Any appropriate mammal having cancer and/or having, or at risk of developing, a viral infection (e.g., a coronavirus infection) and/or bacterial infection can be treated as described herein. For example, humans and other primates such as monkeys having cancer and/or having, or at risk of developing, a viral infection (e.g., a coronavirus infection) and/or bacterial infection can be treated with one or more inhibitors of a CRM1 polypeptide and one or more salicylates. In some cases, dogs, cats, horses, cows, pigs, sheep, mice, and rats having cancer and/or having, or at risk of developing, a viral infection (e.g., a coronavirus infection) and/or bacterial infection can be treated with one or more inhibitors of a CRM1 polypeptide and one or more salicylates as described herein.
When treating a mammal (e.g., a human) having a cancer as described herein, the cancer can be any appropriate cancer. In some cases, a cancer can include one or more solid tumors. In some cases, a cancer can be a hematologic cancer. Examples of cancers that can be treated as described herein include, without limitation, diffuse large B-cell lymphomas (DLBCLs), T-cell lymphomas (TCLs; e.g., mycosis fungoides), mantle cell lymphomas (MCLs), NHLs, plasmacytomas, Hodgkin lymphomas, MM, lymphoplasmacytic lymphomas, sarcomas (e.g., synovial sarcomas and liposarcomas), small lymphocytic lymphomas, chronic lymphocytic leukemias, acute myelogenous leukemias (AMLs), chronic myelogenous leukemias, myeloproliferative syndromes, myelodysplastic syndromes, splenic marginal zone lymphomas, MALT lymphomas, acute lymphoblastic leukemias (ALLs), chronic myelomonocytic leukemias, plasmacytic leukemias, NK cell leukemias, monoclonal gammopathies of undetermined significance, monoclonal b cell lymphocytoses, LGL leukemias, neutrophilic leukemias, myelofibrosis, polycythemia veras, myeloproliferative syndromes (e.g., essential thrombocythemias), dendritic cell cancers, histiocytic neoplasms (e.g., Langerhans cell histiocytosis), myelodysplastic syndromes (e.g., Erdheim Chester disease and Rosai-Dorfman diseas), CNS lymphomas, Bing Neel syndromes, head and neck cancers, lung cancers, breast cancers, pancreatic cancers, esophageal cancers, gastric cancers, small intestinal cancers, colon cancers, rectal cancers, anal cancers, melanomas (e.g., mucosal melanomas), skin cancers (e.g., squamous cell carcinomas and basal cell carcinomas), sarcomas, lipomas, liposarcomas, brain cancers (e.g., oligodendrogliomas, glioblastoma multiformes, and meningiomas), ovarian cancers, fallopian tube cancers, uterine cancers, cervical cancers, vaginal cancers, kidney cancers, prostate cancers, penile cancers, testicular cancers, leydig cell cancers, hepatocellular carcinomas, gallbladder cancers, biliary duct system cancers, heart cancers (e.g., angiosarcoma, and myxoma, rhabdomyosarcoma, mesothelioma, leiomyosarcoma, angiosarcoma, and angiomyolipoma), connective tissue cancers, thyroid cancers, parathyroid cancers, pituitary gland cancers, adrenal gland cancers, neuroendocrine cancers, carcinoid cancers, pheochromocytoma, insulinoma, gastrinoma, neuroblastoma, endocrine gland cancers, and exocrine gland cancers.

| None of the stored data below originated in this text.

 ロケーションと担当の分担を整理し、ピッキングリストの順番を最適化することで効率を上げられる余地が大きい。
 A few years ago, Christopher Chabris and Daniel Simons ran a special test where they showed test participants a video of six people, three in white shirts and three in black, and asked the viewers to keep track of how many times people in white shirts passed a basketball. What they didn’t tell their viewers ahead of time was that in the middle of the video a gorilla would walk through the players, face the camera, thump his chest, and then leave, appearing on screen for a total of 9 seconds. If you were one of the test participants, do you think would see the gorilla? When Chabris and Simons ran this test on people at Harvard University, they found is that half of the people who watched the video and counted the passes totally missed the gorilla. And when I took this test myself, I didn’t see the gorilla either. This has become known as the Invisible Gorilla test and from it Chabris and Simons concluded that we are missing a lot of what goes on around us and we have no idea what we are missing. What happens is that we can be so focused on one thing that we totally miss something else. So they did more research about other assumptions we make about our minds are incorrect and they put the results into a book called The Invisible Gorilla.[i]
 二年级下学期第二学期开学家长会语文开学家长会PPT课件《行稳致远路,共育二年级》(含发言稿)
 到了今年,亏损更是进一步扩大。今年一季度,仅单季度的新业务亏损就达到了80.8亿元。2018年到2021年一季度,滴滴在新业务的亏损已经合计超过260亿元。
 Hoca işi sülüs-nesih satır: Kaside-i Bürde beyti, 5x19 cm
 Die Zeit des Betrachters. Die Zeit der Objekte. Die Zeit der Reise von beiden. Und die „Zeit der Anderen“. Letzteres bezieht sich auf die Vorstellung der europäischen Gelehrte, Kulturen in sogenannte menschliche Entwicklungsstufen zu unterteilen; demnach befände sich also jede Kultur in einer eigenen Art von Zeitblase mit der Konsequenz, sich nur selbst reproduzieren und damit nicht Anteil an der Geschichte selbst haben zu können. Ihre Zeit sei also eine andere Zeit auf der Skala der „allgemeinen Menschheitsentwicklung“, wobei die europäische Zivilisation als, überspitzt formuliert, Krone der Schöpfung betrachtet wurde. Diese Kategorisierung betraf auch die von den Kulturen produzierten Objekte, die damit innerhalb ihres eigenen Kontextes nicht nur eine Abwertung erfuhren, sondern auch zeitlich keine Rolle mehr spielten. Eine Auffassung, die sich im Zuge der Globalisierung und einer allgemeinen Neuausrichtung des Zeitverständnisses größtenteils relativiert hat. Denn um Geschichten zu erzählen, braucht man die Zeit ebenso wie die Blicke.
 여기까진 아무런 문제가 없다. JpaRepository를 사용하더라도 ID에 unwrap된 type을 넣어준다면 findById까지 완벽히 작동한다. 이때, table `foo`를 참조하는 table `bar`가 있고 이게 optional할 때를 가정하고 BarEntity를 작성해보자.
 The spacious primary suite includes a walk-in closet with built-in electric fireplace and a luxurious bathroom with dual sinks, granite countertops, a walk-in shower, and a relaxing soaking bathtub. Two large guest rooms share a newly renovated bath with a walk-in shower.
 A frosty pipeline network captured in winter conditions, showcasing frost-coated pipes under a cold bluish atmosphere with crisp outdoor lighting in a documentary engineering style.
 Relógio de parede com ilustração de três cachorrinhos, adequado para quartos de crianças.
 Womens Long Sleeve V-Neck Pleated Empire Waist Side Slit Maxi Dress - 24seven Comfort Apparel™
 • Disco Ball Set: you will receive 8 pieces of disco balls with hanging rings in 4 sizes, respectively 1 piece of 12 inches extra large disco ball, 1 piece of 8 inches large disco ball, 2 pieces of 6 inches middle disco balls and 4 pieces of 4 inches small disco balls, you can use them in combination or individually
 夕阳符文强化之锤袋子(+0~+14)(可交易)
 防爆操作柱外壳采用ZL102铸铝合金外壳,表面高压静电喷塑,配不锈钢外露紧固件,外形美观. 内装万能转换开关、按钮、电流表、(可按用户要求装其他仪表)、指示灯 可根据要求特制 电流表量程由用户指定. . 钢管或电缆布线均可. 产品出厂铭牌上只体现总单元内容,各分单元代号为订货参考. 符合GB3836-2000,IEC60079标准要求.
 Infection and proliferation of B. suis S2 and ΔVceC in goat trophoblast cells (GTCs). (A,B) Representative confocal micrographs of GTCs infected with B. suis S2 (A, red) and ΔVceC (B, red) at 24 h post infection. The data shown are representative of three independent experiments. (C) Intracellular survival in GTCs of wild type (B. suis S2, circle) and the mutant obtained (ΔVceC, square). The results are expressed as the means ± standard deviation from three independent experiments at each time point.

Any appropriate method can be used to identify a mammal (e.g., a human) having cancer. For example, imaging techniques and/or biopsy techniques can be used to identify mammals (e.g., humans) having cancer.
Once identified as having a cancer, a mammal (e.g., a human) can be administered, or instructed to self-administer, one or more inhibitors of a CRM1 polypeptide and one or more salicylates.
When treating a mammal (e.g., a human) having, or at risk of developing, a viral infection (e.g., a coronavirus infection) as described herein, the viral infection can be caused by any type of virus. In some cases, a virus whose infections can be treated as described herein can be a coronavirus (e.g., a beta-coronavirus). Examples of viruses whose infections can be treated as described herein include, without limitation, SARS-CoV, HCoV NL63, HKU1, MERS-CoV, SARS-CoV-2, influenza viruses (e.g., influenza A, influenza B, influenza C, and influenza D), respiratory syncytial viruses (RSV), human immunodeficiency viruses (HIV), and those described in Table 3-1 of “Learning from SARS: Preparing for the Next Disease Outbreak: Workshop Summary.” Institute of Medicine (US) Forum on Microbial Threats; Knobler S, Mahmoud A, Lemon S, et al., editors. Washington (DC): National Academies Press (US); 2004.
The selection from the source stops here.